* [Exercise details]: Look below for the line containing "Перчатки тактические комбинированные" and the line containing "Ovocný koncentrát s", then set down both and every line between them exactly, without pictures.

* [The records]:
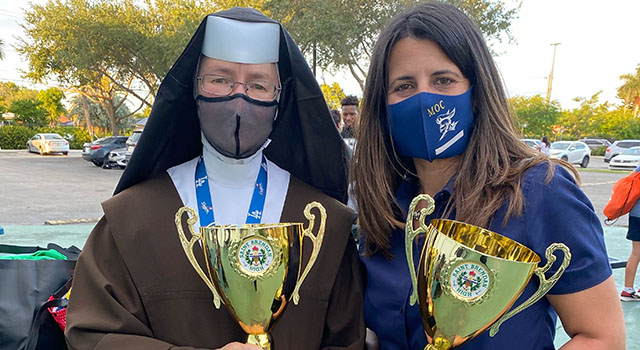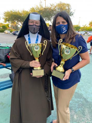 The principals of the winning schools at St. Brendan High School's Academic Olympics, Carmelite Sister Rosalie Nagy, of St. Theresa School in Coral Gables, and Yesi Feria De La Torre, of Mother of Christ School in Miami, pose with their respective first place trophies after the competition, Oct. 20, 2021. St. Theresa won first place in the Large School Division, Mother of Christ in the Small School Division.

--

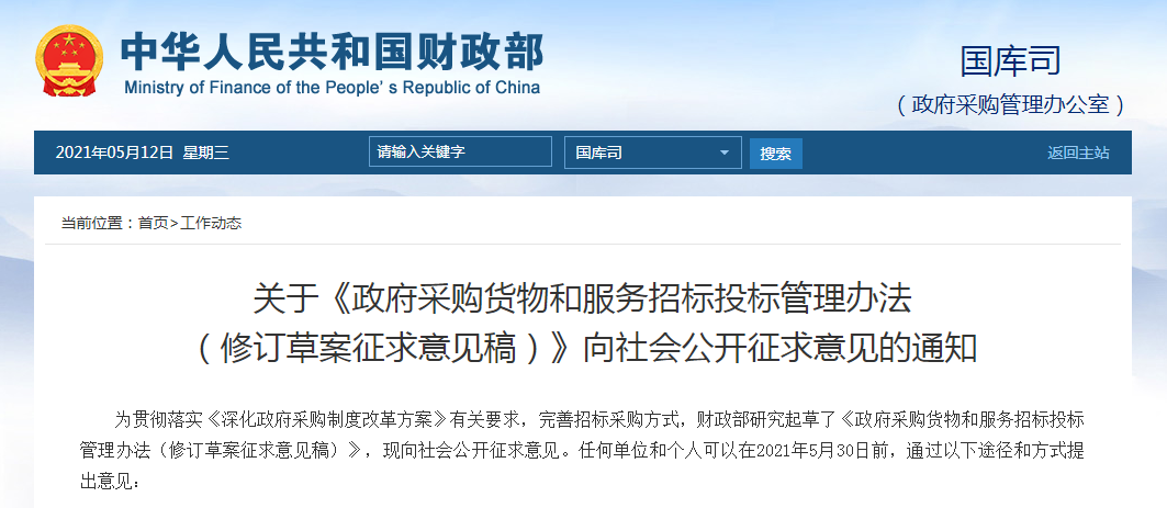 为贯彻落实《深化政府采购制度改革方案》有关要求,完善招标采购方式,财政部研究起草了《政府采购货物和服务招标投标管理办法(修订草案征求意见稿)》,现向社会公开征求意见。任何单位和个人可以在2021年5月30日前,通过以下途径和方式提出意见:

---

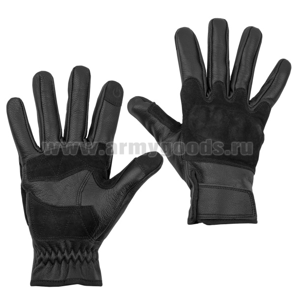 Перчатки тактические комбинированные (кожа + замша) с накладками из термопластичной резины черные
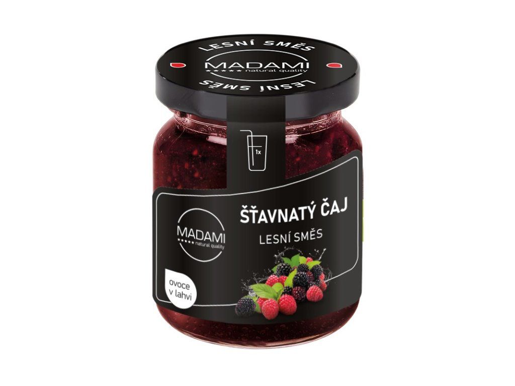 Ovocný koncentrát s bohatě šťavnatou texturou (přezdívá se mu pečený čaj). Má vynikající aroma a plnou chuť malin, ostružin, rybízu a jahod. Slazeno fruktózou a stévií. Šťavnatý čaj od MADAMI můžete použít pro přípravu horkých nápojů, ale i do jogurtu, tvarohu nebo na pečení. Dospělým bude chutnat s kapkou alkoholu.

* [Written answer]:
 Перчатки тактические комбинированные (кожа + замша) с накладками из термопластичной резины черные
 Ovocný koncentrát s bohatě šťavnatou texturou (přezdívá se mu pečený čaj). Má vynikající aroma a plnou chuť malin, ostružin, rybízu a jahod. Slazeno fruktózou a stévií. Šťavnatý čaj od MADAMI můžete použít pro přípravu horkých nápojů, ale i do jogurtu, tvarohu nebo na pečení. Dospělým bude chutnat s kapkou alkoholu.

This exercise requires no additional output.